Stored data:
====================

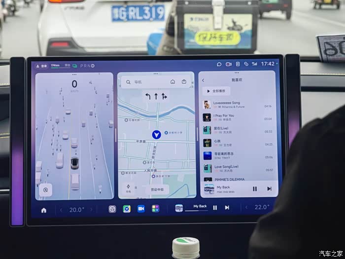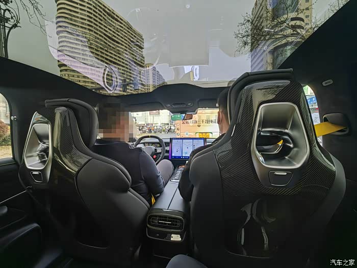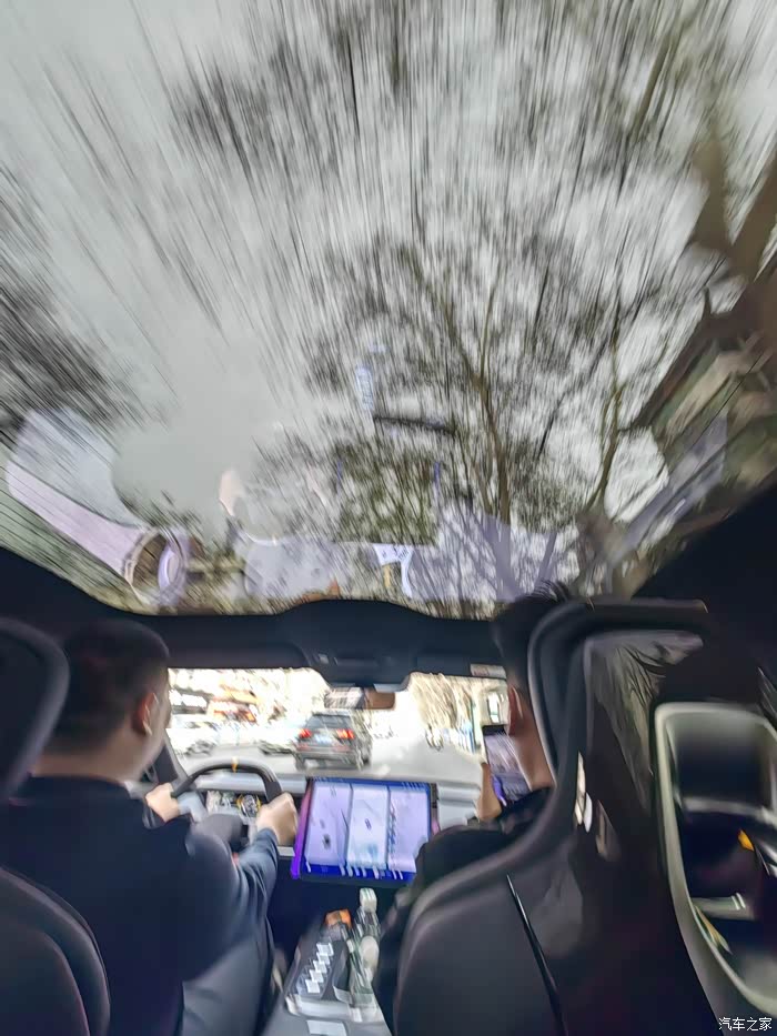 上车后最让人印象深刻的就是超大的中控屏幕和全景天幕,中控屏分三个板块让人感觉科技感满满,而且激光雷达的加持下识别率很好,我在路口等红灯的时候专门数了数,二十米外斑马线上的人一个不漏的识别出来,包括并排走的人都能显示出来。而天幕是真正意义上的全景天幕,而且不是那种平平的一块,有不同的曲度,让我这个乡巴佬涨了见识。乘坐空间上乘,运动座椅比较硬,但支撑还是很好的。车门上方的扶手是一块皮质的带子,手感很好。开门需要拨一下开门键,新能源的仪式感。
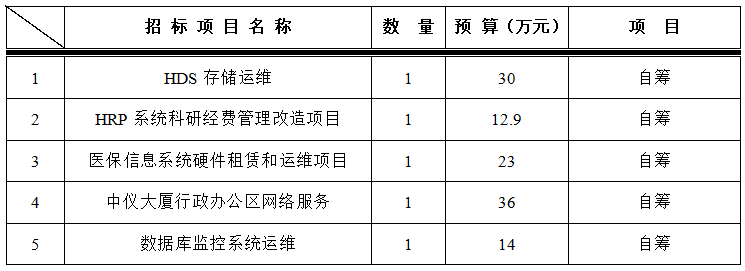 为满足临床科室需求,招标采购中心拟对以下信息项目进行院内招标采购,采购项目的内容及数量:
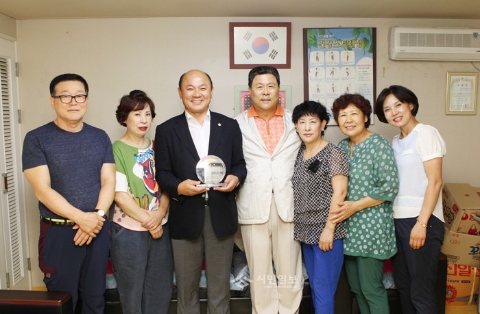 [시민일보=이대우 기자]최근 황인구 서울 강동구의원이 성내동 대림e-편한세상 입주민들로부터 살기좋은 아파트 조성에 기여한 공로를 인정받아 감사패를 수여받았다.
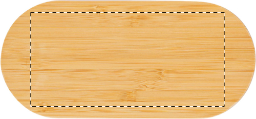 Caricatore rapido wireless a doppia bobina (15W) con struttura in bambù e plastica trasparente, componenti elettronici a vista. Cavo di ricarica USB incluso.
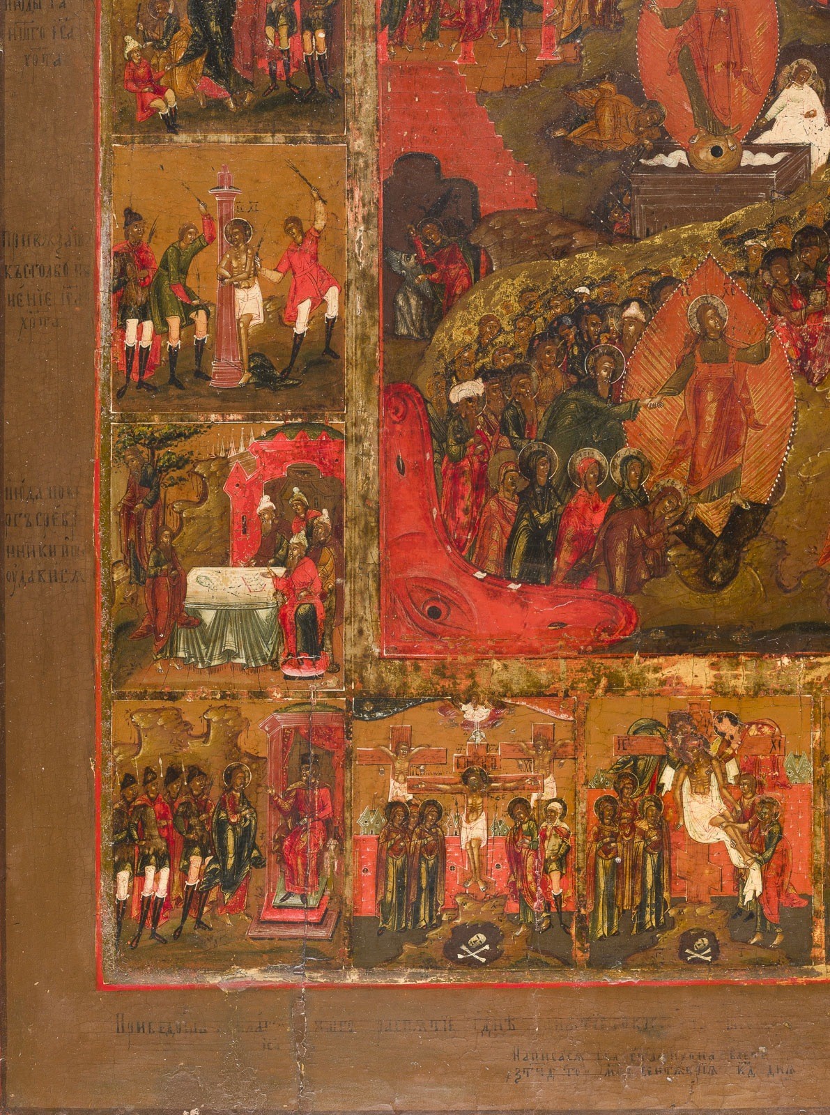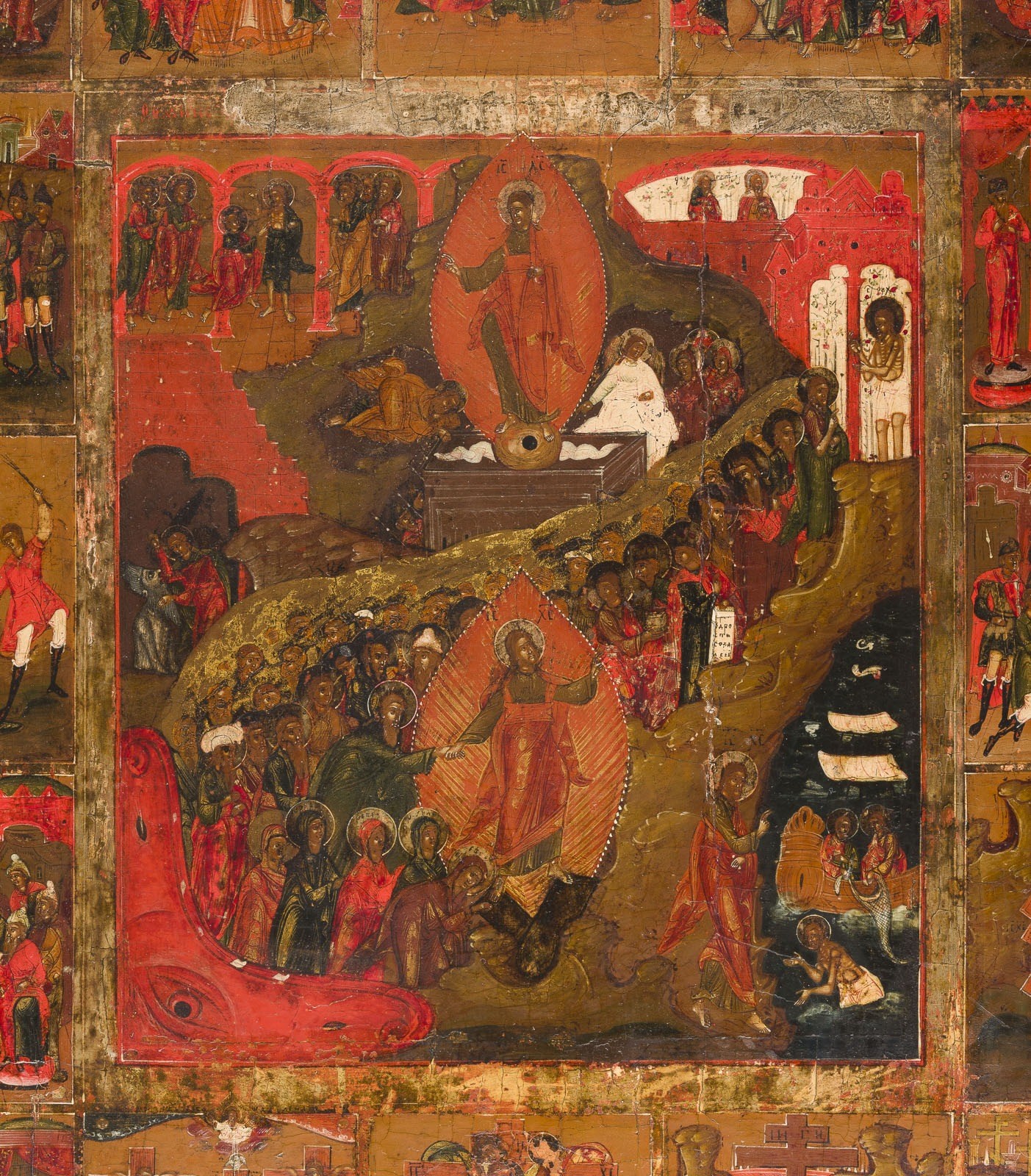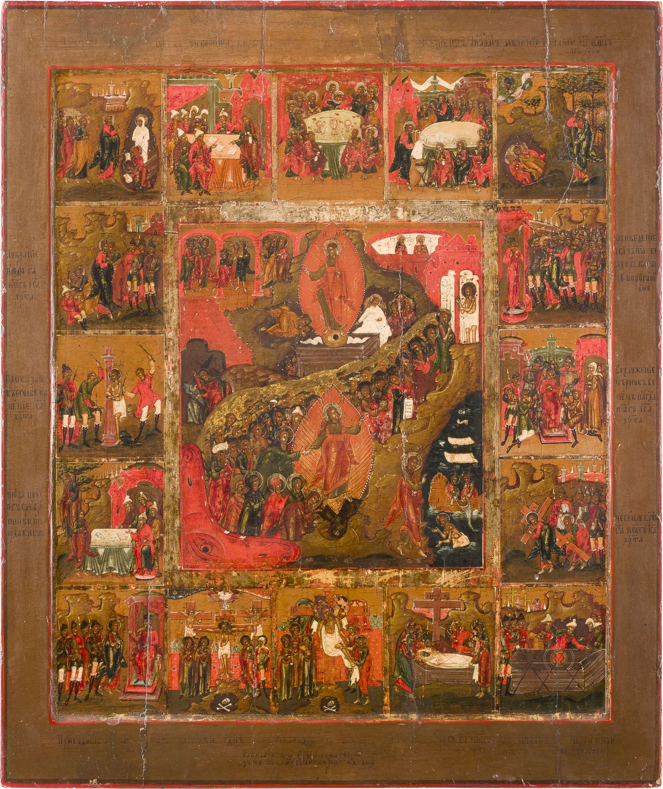 SELTENE UND GROSSFORMATIGE IKONE MIT DER HÖLLENFAHRT UND AUFERSTEHUNG CHRISTI MIT 16 SZENEN DER PASSION CHRISTI
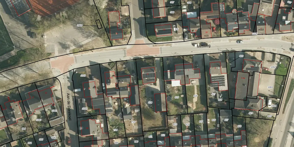 Het perceel waarop Mesweg 11 staat heeft een oppervlakte van 884 m². Dit is een groot perceel. De perceeloppervlakte wordt geregistreerd door het Kadaster. Gedetailleerde informatie over de maten van dit perceel kunt u vinden in het rapport Kadastrale kaart met maatvoering van Mesweg 11.

====================

Work item: In the data above, find the line containing "Caricatore rapido wireless"; from there, please write out each line through the end, exactly, with the pictures omitted.

Response:
 Caricatore rapido wireless a doppia bobina (15W) con struttura in bambù e plastica trasparente, componenti elettronici a vista. Cavo di ricarica USB incluso.
 SELTENE UND GROSSFORMATIGE IKONE MIT DER HÖLLENFAHRT UND AUFERSTEHUNG CHRISTI MIT 16 SZENEN DER PASSION CHRISTI
 Het perceel waarop Mesweg 11 staat heeft een oppervlakte van 884 m². Dit is een groot perceel. De perceeloppervlakte wordt geregistreerd door het Kadaster. Gedetailleerde informatie over de maten van dit perceel kunt u vinden in het rapport Kadastrale kaart met maatvoering van Mesweg 11.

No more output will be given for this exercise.